The offer represents a 19% premium over Station's closing price on Friday of $69.10 on the New York Stock Exchange.

The company, which operates casinos catering to Las Vegas residents, said it established a special committee of independent directors to review the bid as well as any alternative proposals.

Faber says there may not be a challenge to Fertitta's offer. "We will see what the special committee decides to do here. I have spoken with at least one person who tells me they were at least aware of one potential private equity buyer here that had done some work and ultimately decided to pass. So it is not clear that there are going to be any competitors here," Faber reported.

Fertitta Colony Partners has received sufficient financing commitments to complete the deal, the company said.

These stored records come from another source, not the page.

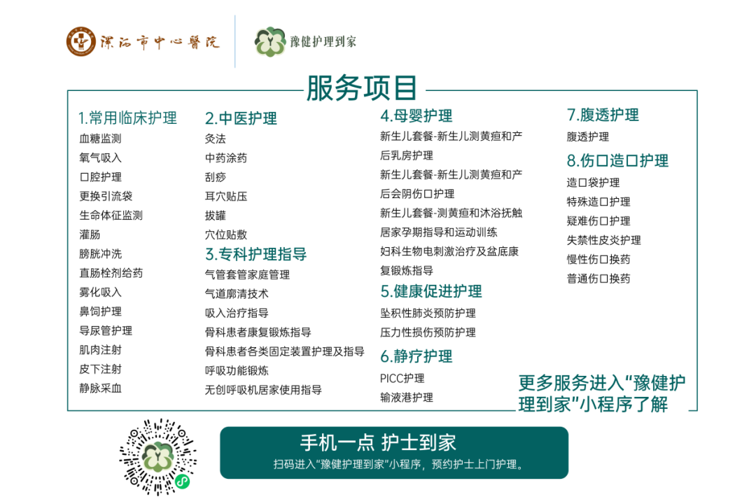 根据国家卫生健康委、国家中医药管理局《关于印发进一步改善护理服务行动计划(2023-2025年)的通知》《河南省护理事业发展规划(2021-2025年)》《关于印发河南省进一步改善护理服务行动计划实施方案(2023-2025年)的通知》等相关文件要求,为进一步满足人民群众多样化、差异化的护理服务需求,漯河市中心医院开通“豫健护理到家”互联网+护理服务,将优质护理服务延伸到“最后一公里”。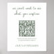 White and sage green wedding photo share QR Code sign. Place these signs at your wedding reception tables so guests can scan to upload the photos they took at your wedding reception to your album or social media. To generate a new QR code on the design, add the URL of your online wedding album or social media handle in the area provided, using the "personalise" feature. A brand new QR code will then be added to to the design.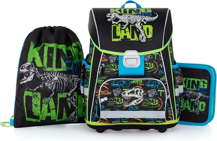 Schulranzen: Der Schulranzen der Reihe Premium ist ergonomisch geformt und sorgt für einen korrekten Sitz auf dem Rücken. Das verstärkte Rückenteil und die innere Verstärkung halten die Form des Ranzens stabil. Die Polsterung besteht aus einem angenehmen, atmungsaktiven Material, breite, weich gepolsterte Träger sind so gestaltet, dass sie perfekt anliegen und die Schultern des Kindes gleichmäßig belasten. Der Ranzen besteht aus einem geräumigen Hauptfach, in das alle Schulutensilien für Kinder der 1. und 2. Klasse bequem passen. Der Boden des Ranzens ist aus robustem Material gefertigt und schützt den Inhalt vor Umkippen und Ausschütten. Verschluss mit Sicherheitsschnalle. Die vordere kleine Tasche ist für die Brotzeit vorgesehen, zahlreiche reflektierende Elemente erhöhen die Sichtbarkeit des Ranzens. Volumen: 28 l. Traglast: 8 kg. Beutel: Turnbeutel aus hochwertigem Material. Der Beutel wird durch Zusammenziehen der Kordeln geschlossen. Geeignet für die Schule, den Sport und weitere Freizeitaktivitäten von Kindern. Federmäppchen: Einlagiges Schulmäppchen mit zwei Klappen, ohne Inhalt. Gummischlaufen zur Fixierung von Schreibutensilien. In der inneren Klappe befindet sich eine transparente Folie für den Stundenplan.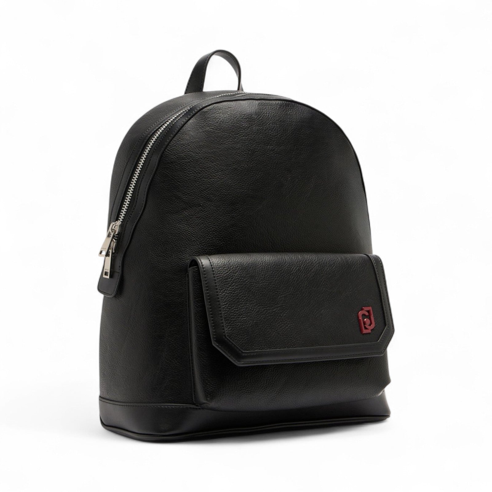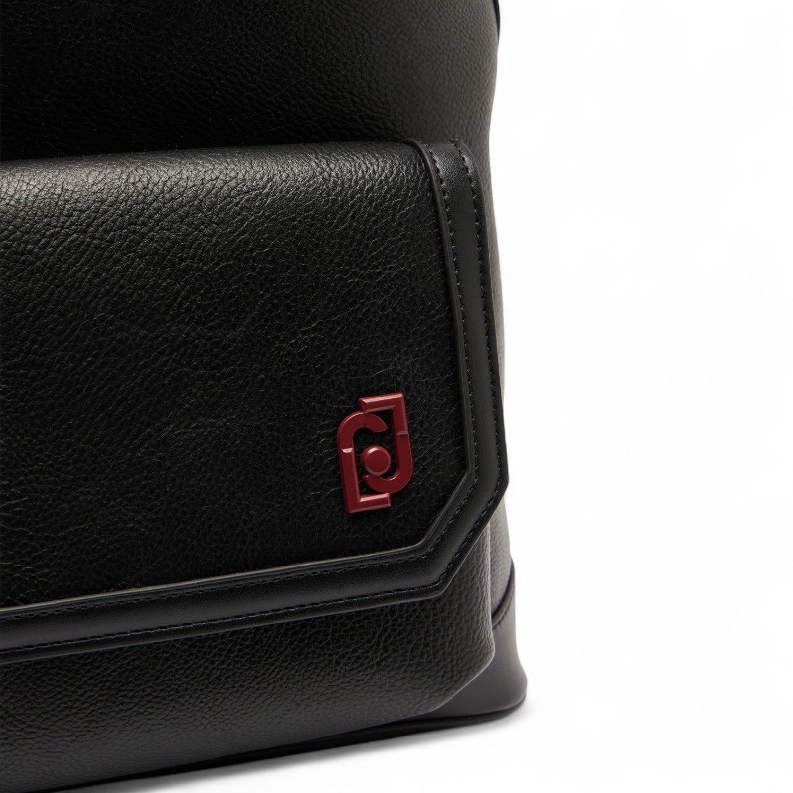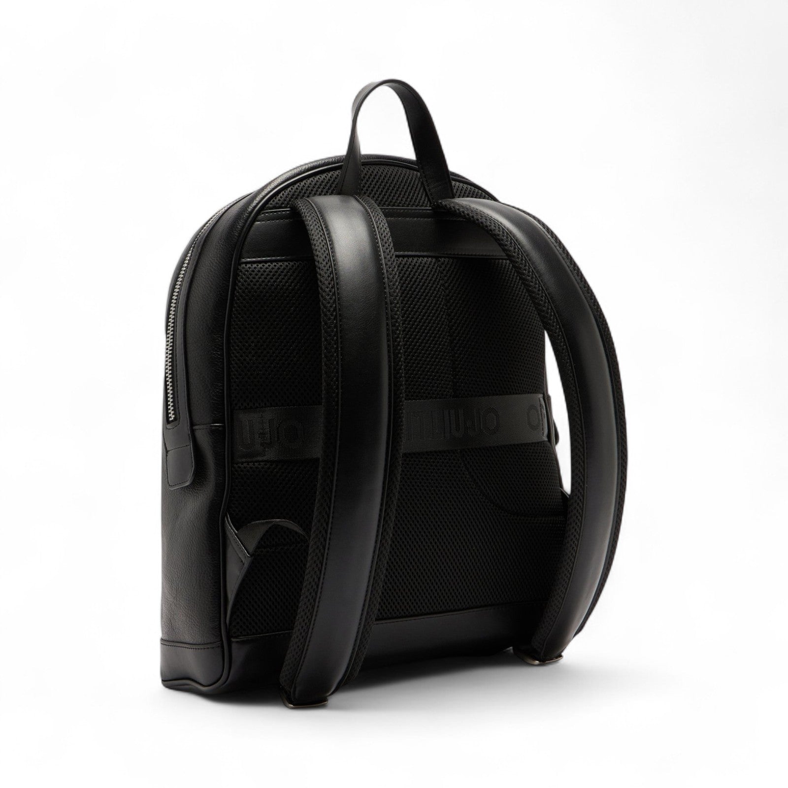 Zaino bottalato. Logo LJ in metallo sul davanti. Tasca frontale con patta. Retro in mesh con nastro logato in gros grain. Spallacci regolabili. Tasca interna con zip. Chiusura con zip.

Frank and Lorenzo Fertitta, Blake and Delise Sartini, and Colony have provided equity funding commitments.

Delise Sartini is the sister of Frank Fertitta and Blake Sartini -- former chief operating officer at Station Casinos -- is Fertitta's brother-in-law.

Deutsche Bank Trust Company Americas and German American Capital have provided debt financing commitments.

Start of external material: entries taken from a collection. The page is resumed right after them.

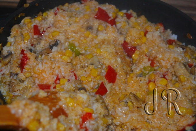 Cu mare grija combinam orezul cu amestecul din tigaie, apoi retragem de pe foc si lasam sub capac 5-10 minute.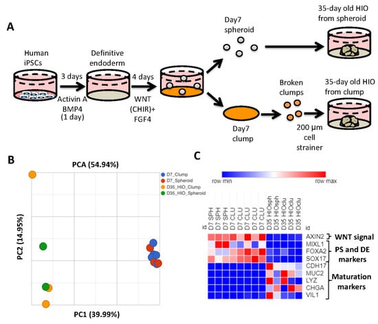Generation of HIOs from human pluripotent stem cells requires the successful execution of all steps during the differentiation process. One of the key roadblocks in the generation of HIOs is the generation of mid/hindgut spheroids from definitive endoderm. To bypass this roadblock, multiple groups have generated HIOs by passaging monolayers of mid-hindgut patterned definitive endoderm (DE) as clumps, and then plating these clumps in extracellular matrix. Over time, the cells within clumps will self-organize and develop into HIOs [21,22,23]. Although these methods have been reported to generate HIOs which resemble developing human intestine, a direct comparison of spheroid-generated and clump-generated HIOs has not been carried out previously. We therefore generated spheroids and clumps to generate HIOs (Figure 1A). We then performed RNA-seq analysis of 7-day-old spheroids and clumps, as well as 35-day-old HIOs grown from the former. Principal component analysis revealed that 7-day-old spheroids and clumps clustered together, while 35-day-old HIOs (from spheroids and from clumps) clustered together along principal component 1 (PC1) axis, which accounted for 40% of the cumulative variation among samples (Figure 1B). Closer examination of the RNA-seq data revealed that genes associated with WNT signaling (AXIN2), primitive streak (MIXL1) and definitive endoderm (FOXA2 and SOX17) were all highly enriched in 7-day-old spheroids/clumps compared to 35-day-old HIOs from spheroids/clumps (Figure 1C). In contrast, genes associated with maturation (CDH17) and cytodifferentiation (MUC2, LYZ, CHGA and VIL1) were all highly enriched in 35-day-old HIOs from spheroids/clumps compared to 7-day-old spheroids/clumps. These data indicate that clumps and spheroids share a similar transcriptional profile. Furthermore, our data indicate that the source of mid/hindgut tissue (whether spheroids or clumps) does not perturb the growth, maturation or cytodifferentiation of HIOs.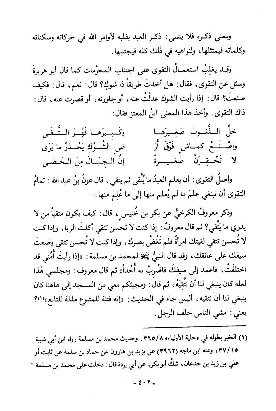 وَأَصْلُ التَّقْوَى: أَنْ يَعْلَمَ الْعَبْدُ مَا يُتَّقَى ثُمَّ يَتَّقِي، قَالَ عَوْنُ بْنُ عَبْدِ اللَّهِ: تَمَامُ التَّقْوَى أَنْ تَبْتَغِيَ عِلْمَ مَا لَمْ يُعْلَمُ مِنْهَا إِلَى مَا عُلِمَ مِنْهَا. وَذَكَرَ مَعْرُوفٌ الْكَرْخِيُّ عَنْ بَكْرِ بْنِ خُنَيْسٍ، قَالَ: كَيْفَ يَكُونُ مُتَّقِيًا مَنْ لَا يَدْرِي مَا يَتَّقِي؟ ثُمَّ قَالَ مَعْرُوفٌ: إِذَا كُنْتَ لَا تُحْسِنُ تَتَّقِي أَكَلْتَ الرِّبَا، وَإِذَا كُنْتَ لَا تُحْسِنُ تَتَّقِي لَقِيَتْكَ امْرَأَةٌ فَلَمْ تَغُضَّ بَصَرَكَ، وَإِذَا كُنْتَ لَا تُحْسِنُ تَتَّقِي وَضَعْتَ سَيْفَكَ عَلَى عَاتِقِكَ، وَقَدْ قَالَ النَّبِيُّ صَلَّى اللَّهُ عَلَيْهِ وَسَلَّمَ لِمُحَمَّدِ بْنِ مَسْلَمَةَ: «إِذَا رَأَيْتَ أُمَّتِي قَدِ اخْتَلَفَتْ، فَاعْمَدْ إِلَى سَيْفِكَ فَاضْرِبْ بِهِ أُحُدًا» ثُمَّ قَالَ مَعْرُوفٌ: وَمَجْلِسِي هَذَا لَعَلَّهُ كَانَ يَنْبَغِي لَنَا أَنْ نَتَّقِيَهُ، ثُمَّ قَالَ: وَمَجِيئُكُمْ مَعِي مِنَ الْمَسْجِدِ إِلَى هَاهُنَا كَانَ يَنْبَغِي لَنَا أَنْ نَتَّقِيَهُ، أَلَيْسَ جَاءَ فِي الْحَدِيثِ: " «إِنَّهُ فِتْنَةٌ لِلْمَتْبُوعِ مَذَلَّةٌ لِلتَّابِعِ» "؟ يَعْنِي: مَشْيَ النَّاسِ خَلْفَ الرَّجُلِ.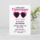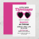 Este design é divertido e brilhante, com óculos de sol cor-de-rosa brilhante em forma de coração. A cor vibrante e o design branco criam uma atmosfera festiva, perfeita para a celebração do terceiro aniversário de uma criança.
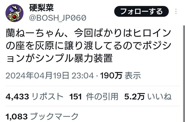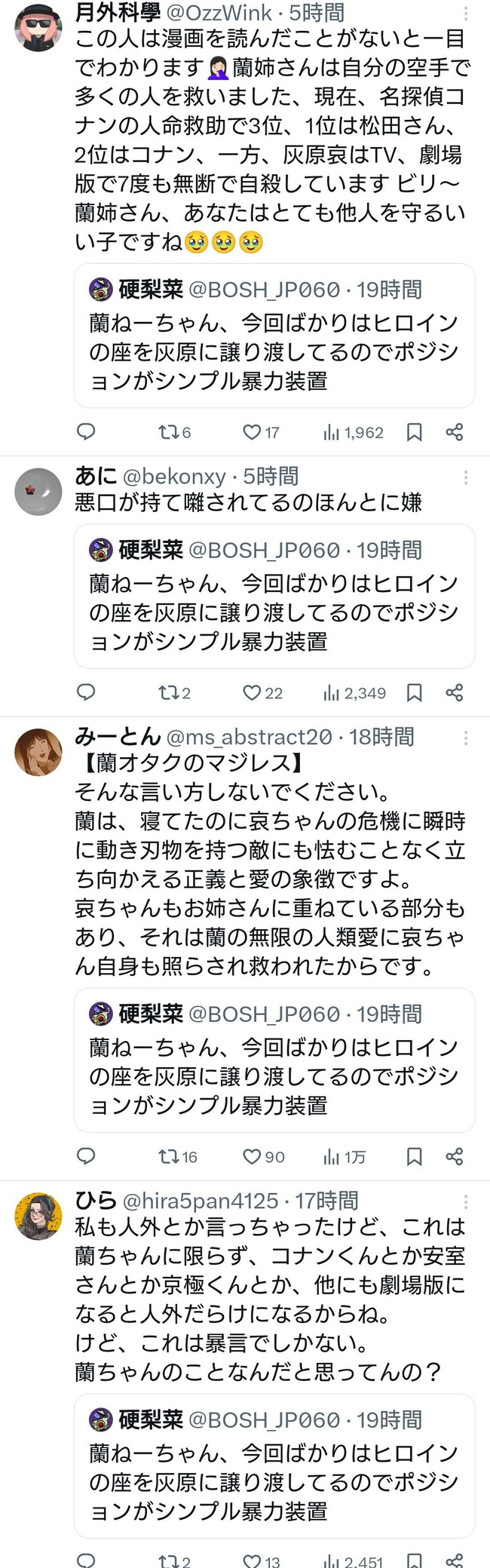 シャンフロ作者さん、コナンの蘭ねーちゃんを「暴力装置」呼ばわりしてしまい炎上へ・・・momo5个月前发布关注私信02410 Xより アニメ化もした、マガジン連載中、なろう発の人気作品『シャングリラ・フロンティア』の作者さん コナン映画を観に行った結果・・・(※ネタバレ注意)↓ 炎上してしまう・・・ ・物語の本質に触れず ・主人公の秘密も共有せず ・絶対的な安全圏にいるヒロイン ★~☆·☆.~同舟*∴*~★ © 版权声明 版权声明 1 本网站名称:华人同舟360 3 本网站的文章部分内容可能来源于网络,仅供大家学习与参考,如有侵权,请联系站长QQ3311406980进行删除处理。 4 本站一切资源不代表本站立场,并不代表本站赞同其观点和对其真实性负责。 5 本站一律禁止以任何方式发布或转载任何违法的相关信息,访客发现请向站长举报 THE END在日趣闻 喜欢就支持一下吧点赞10 分享QQ空间微博QQ好友海报分享复制链接收藏

The special committee received the proposal on December 2 and had not reached a decision yet, it said in a statement.

Though Fertitta does not say why he launched the offer, many executives are preferring to take their companies private because they are tired of Wall Street pressure and financing is abundant thanks to the growth of private equity.

Several management-led buyout offers have been announced this year across several industries, spurred by cash-rich private equity firms joining in to invest on the deals.

Such deals have also raised concern among analysts and investors as it could create a conflict of interest because it puts management in a position of both evaluating the best bid, and being a bidder itself.

While management typically recuses itself from committees formed to mull the offers, critics say their presence in the bid still presents the potential for conflict of interest.

In October, Harrah'sEntertainment, the world's biggest casino operator, said it had received a $15 billion buyout offer from private equity firms Apollo Management and Texas Pacific Group.

Resort and casino operator Kerzner International said in March that an investor group led by its chairman and chief executive would pay about $3 billion to take the company private.